Fréquenter un auteur - Avertissement No 1 : On est tannés de cette question
« Pis, est-ce que t’arrives à en vivre ? »
Telle est la question qui pend au nez du convive informant une nouvelle connaissance qu’il est auteur, ou toute profession artistique autre que « porn star ».
Les gens sont étranges. Quand ils rencontrent un médecin, ils lui parlent de maladies, quand c’est un enseignant, ils lui parlent de pédagogie, mais quand c’est un artiste, ils lui parlent d’argent. Même si c’est aussi absurde que de discuter d’alexandrins avec un comptable agréé.

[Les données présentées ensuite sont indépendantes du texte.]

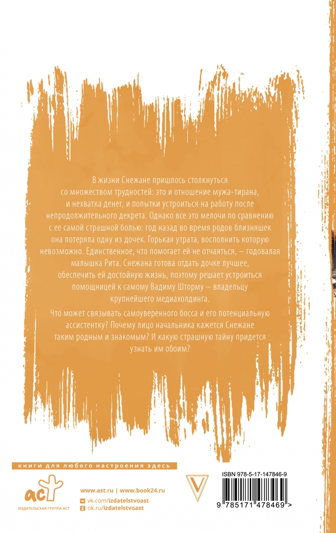 ОписаниеВероника Лесневская - автор сентиментальных романов-бестселлеров, которые завоевали сердца миллионов читателей. В жизни Снежане пришлось столкнуться со множеством трудностей: это и отношение мужа-тирана, и нехватка денег, и попытки устроиться на работу после непродолжительного декрета. Однако все это мелочи по сравнению с ее самой страшной болью: год назад во время родов близняшек онапотеряла одну из дочек. Горькая утрата, восполнить которую невозможно. Единственное, что помогает ей не отчаяться, – годовалая малышка Рита. Снежана готова отдать дочке лучшее, обеспечить ей достойную жизнь, поэтому решает устроиться помощницей к самому Вадиму Шторму — владельцу крупнейшего медиахолдинга. Что может связывать самоуверенного босса и его потенциальную ассистентку? Почему лицо начальника кажется Снежане таким родным и знакомым? И какую страшную тайну придется узнать им обоим?Вероника Лесневская - автор сентиментальных романов-бестселлеров, которые завоевали сердца миллионов читателей. В жизни Снежане пришлось столкнуться со множеством трудностей: это и отношение мужа-тирана, и нехватка денег, и попытки устроиться на работу после непродолжительного декрета. Однако все это мелочи по сравнению с ее самой страшной болью: год назад во время родов близняшек онапотеряла одну из дочек. Горькая утрата, восполнить которую невозможно. Единственное, что помогает ей не отчаяться, – годовалая малышка Рита. Снежана готова отдать дочке лучшее, обеспечить ей достойную жизнь, поэтому решает устроиться помощницей к самому Вадиму Шторму — владельцу крупнейшего медиахолдинга. Что может связывать самоуверенного босса и его потенциальную ассистентку? Почему лицо начальника кажется Снежане таким родным и знакомым? И какую страшную тайну придется узнать им обоим?

Le plus souvent, la personne qui réagit ainsi se contente de cacher son trouble face à un domaine qui ne lui inspire aucune réplique pertinente. Elle préfère que la conversation rebondisse sur une question gênante, plutôt qu’elle s’aplatisse dans un silence mortel.
Il arrive néanmoins que l’on perçoit l’amertume d’un artiste refoulé qui cherche à se convaincre de la validité de son choix de carrière raisonnable. La question : « Arrives-tu à en vivre ? » dissimule un ordre : « Dis-moi que tu n’arrives à trouver ni ton style ni ton public, que pour survivre, tu es réduit à emballer des sandwichs de la main droite, de louer la gauche aux compagnies de tests pharmaceutiques, et de prostituer le reste, que la vie d’artiste est un calvaire, que j’ai eu raison de renoncer à mes rêves et de vendre des condos. »
Difficile, pour un auteur, de recevoir ce scepticisme sans une pointe d’agacement. Alors que n’importe quel plombier, avocat ou toiletteur pour chien peut parler de son métier sans préambule, il doit commencer à parler de ses revenus pour être pris au sérieux. Raisonnement étrange. Si gagner de l’argent pour une activité était synonyme de compétence, je n’aurais pas à me plaindre du service clientèle de Bell.
J’ai toujours un malaise lorsque l’on me pose la question que l’on ne devrait pas poser. J’aimerais l’ignorer, et aborder directement les projets qui m’animent, comme je le fais d’habitude avec les gens qui pensent à ouvrir leurs chakras. Mais je crains de passer pour un imposteur, ou pire, un hostie de pouceux de crayons improductif qui suce le sang des contribuables. Alors, j’explique à mon interlocuteur que je suis aussi développeur web, omettant par pure délicatesse que je gagne peut-être mieux ma vie que lui en travaillant moins d’heures.
Persuadé de m’avoir extorqué mon vrai métier, ce dernier peut rentrer en paix chez lui, rassuré que l’écriture ne soit pour moi qu’un hobby, comparable à ses soirées Netflix. Quand il regarde des séries écrites par des auteurs qui en vivent.